I don’t fancy myself a chess grandmaster, but I really enjoy playing the game. One of my biggest shortcomings is my inability to see that many moves ahead. I can see one or two moves ahead, but the truly great chess players can see the game a dozen or more moves in advance.
I like playing chess because the skills you hone in chess are truly applicable in the business world. Foresight, for example, is a skill that comes in very handy in the real world.
It is with that foresight in mind that I read and re-read the news about Chrysler Group teaming up with Chase Auto Finance to offer subvented financing. Why Chase? And why now?
Chrysler Group has had a “preferred” lender arrangement with Ally Financial since Chrysler shuttered its captive financing arm. Subvented originations were more than 60% lower in the second quarter than a year ago between Ally and Chrysler, according to an Automotive News article.
So Chrysler needed another entity through which it could originated subvented loans and leases.
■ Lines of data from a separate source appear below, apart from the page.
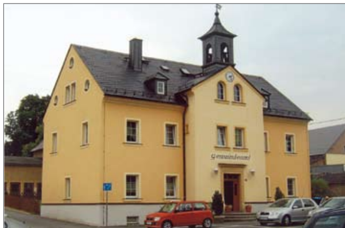
Gemeindeamt in Venusberg

Die erste urkundliche Erwähnung der Gemeinde Venusberg stammt aus dem Jahre 1414. Sicherlich ist die Gemeinde viel älter, jedoch muss man sich auf historisch gesicherte Dokumentationen, Fakten und Zahlen verlassen. Im Jahr 1981 konnte die Gemeinde Venusberg die 800-Jahrfeier begehen. Venusberg liegt in einem Seitental der „Zschopau“ und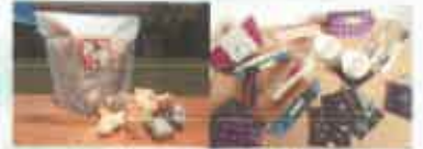
あられ 久留米餅の製品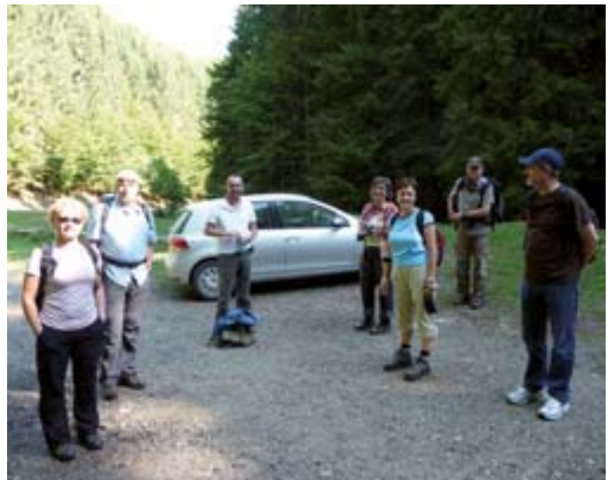
Anlässlich des Sachsentreffens 2011 unternahmen wir eine spätsommerliche Wanderung im Krähenstein (Ciucas).

In späteren Jahren folgten weitere Wandertouren im Freundeskreis wie etwa 1977 durch das Fogarascher Gebirge. Wir wanderten von Hütte zu Hütte, kamen an wunderschönen Gletscherseen (z.B. Bâlea-See) vorbei und bestiegen natürlich auch die Spitzen Negoiu und Moldoveanu.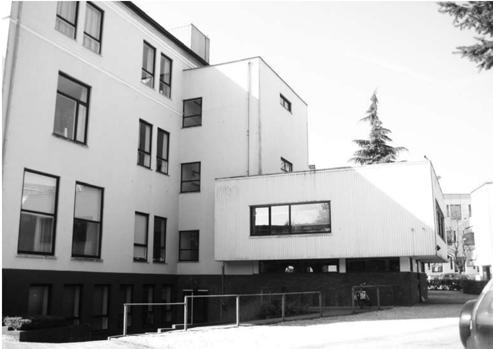
De blokkendoos

Hilversum) en de uitgave van de gids. Al met al in totaal zo'n zestig à zeventig medewerkers.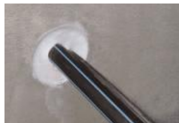
... und dauerhaft sicher gestoppt.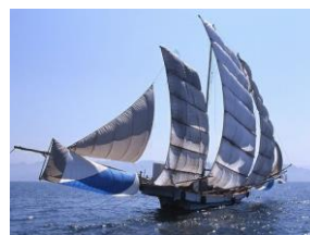
芦北うたせ船 （5月～10月）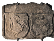
Frammento di lastra tombale con iscrizione e due stemmi affiancati arenaria con tracce di combustione datata 1522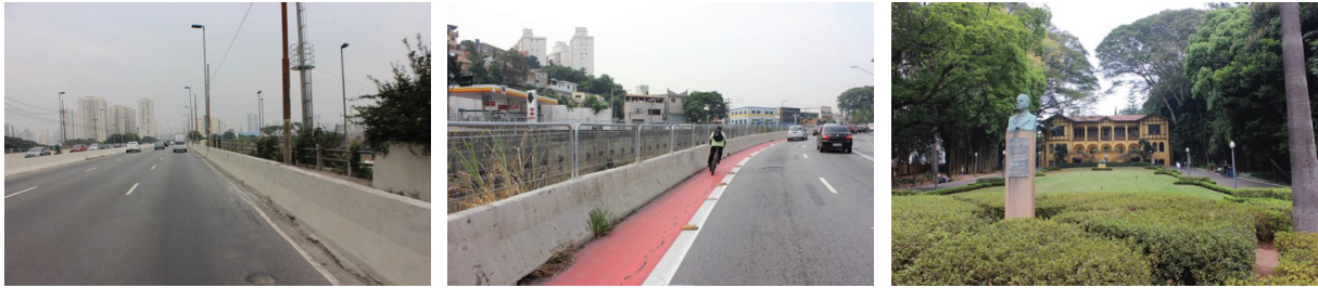
Figuras 9 a 11 – Trecho 3- Área da várzea até Parque da Água Branca. Figures 9 to 11 – Section 3 - Floodplain area until Água Branca Park.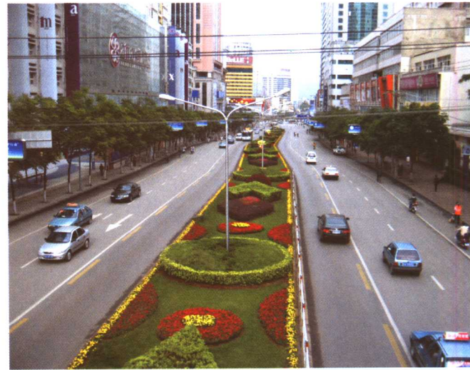
彩图 5-3 昆明武成路道路绿化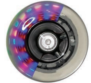
LED 4", 5"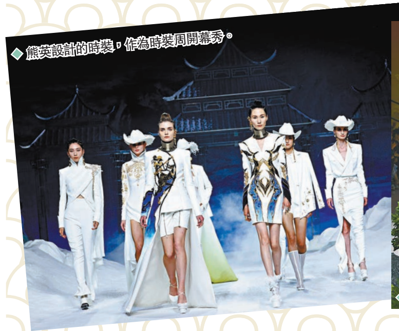
熊英設計的時裝，作為時裝周開幕秀。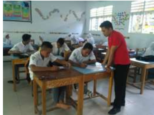
KELAS XI IPS 2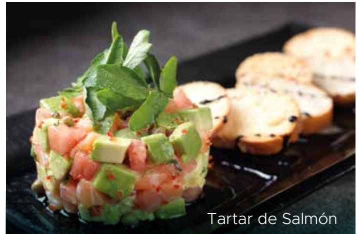
Tartar de Salmón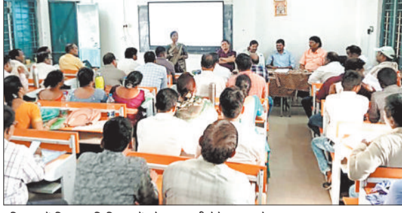
प्रशिक्षण में शिक्षक-शिक्षिकाओं को जानकारी देते मास्टर ट्रेनर।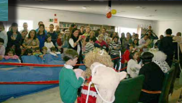
Los más pequeños volvieron a ser los protagonistas en la víspera del 6 de enero. Por la mañana recibieron a los Reyes Magos en el Llano Amarillo y por la tarde los saludaron en el Club Social de los trabajadores.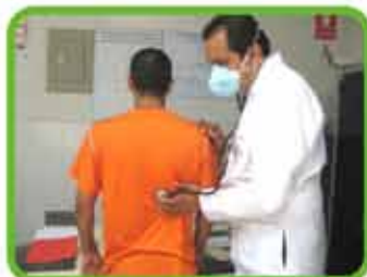
Se inicia Plan de visitas de especialistas en neumología, cardiología y endocrinología.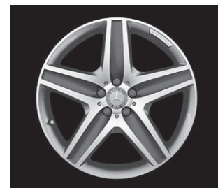
AMG 5-Speichen-Design, Code 758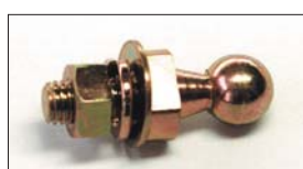
●ボールジョイント 本体 ¥530 押しレバーの先端に使用しているパーツ。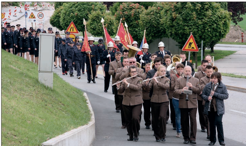
Mimohod do Martinove cerkve z godbo na pihala iz Podlehnika na čelu

Poseben nagovor je imel tudi naddekan, ki je dejal, da se je ob letošnjem žledu pokazalo, kako pomembne so močne gasilske vrste, pa tudi, da ob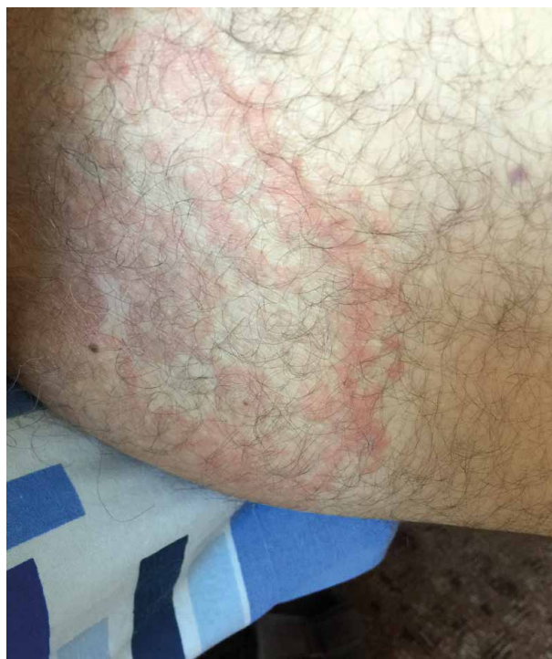
Obr. 5. Mapovitý erytém u pacienta se syndromem VEXAS

vzácněji zasahují až do hypodermis. Diferenciálně diagnosticky může pomoci skutečnost, že léze u syndromu VEXAS obvykle nejsou bolestivé, i když vzácněji se vyskytla jak bolestivost, tak svědivost [18].

But why choose Chase?
Perhaps because Chase has a custom finance unit that originates loans and leases on a private label basis for a number of manufacturers, including Mazda, Jaguar, and Land Rover.
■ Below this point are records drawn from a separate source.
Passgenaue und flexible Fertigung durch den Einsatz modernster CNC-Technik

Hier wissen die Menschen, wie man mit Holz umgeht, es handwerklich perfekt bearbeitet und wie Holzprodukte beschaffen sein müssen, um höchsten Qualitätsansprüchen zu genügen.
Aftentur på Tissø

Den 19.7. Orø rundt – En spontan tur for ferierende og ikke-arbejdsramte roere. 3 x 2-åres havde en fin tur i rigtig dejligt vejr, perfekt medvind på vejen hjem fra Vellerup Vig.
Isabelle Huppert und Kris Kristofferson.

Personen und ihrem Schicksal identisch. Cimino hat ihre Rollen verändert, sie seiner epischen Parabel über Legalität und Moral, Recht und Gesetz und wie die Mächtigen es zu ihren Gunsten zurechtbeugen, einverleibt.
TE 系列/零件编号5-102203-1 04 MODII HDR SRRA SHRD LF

Looking a few moves ahead, the arrangement between Chase and Chrysler could be the first step toward Chrysler Group ultimately building its own captive financing company, perhaps with a stop in Chase’s custom finance unit as the logical next step.
Chrysler needs a financing arm. Paying someone to originate subvented contracts is not a viable long-term solution. It appears as though this week’s news is the first step toward making that a reality.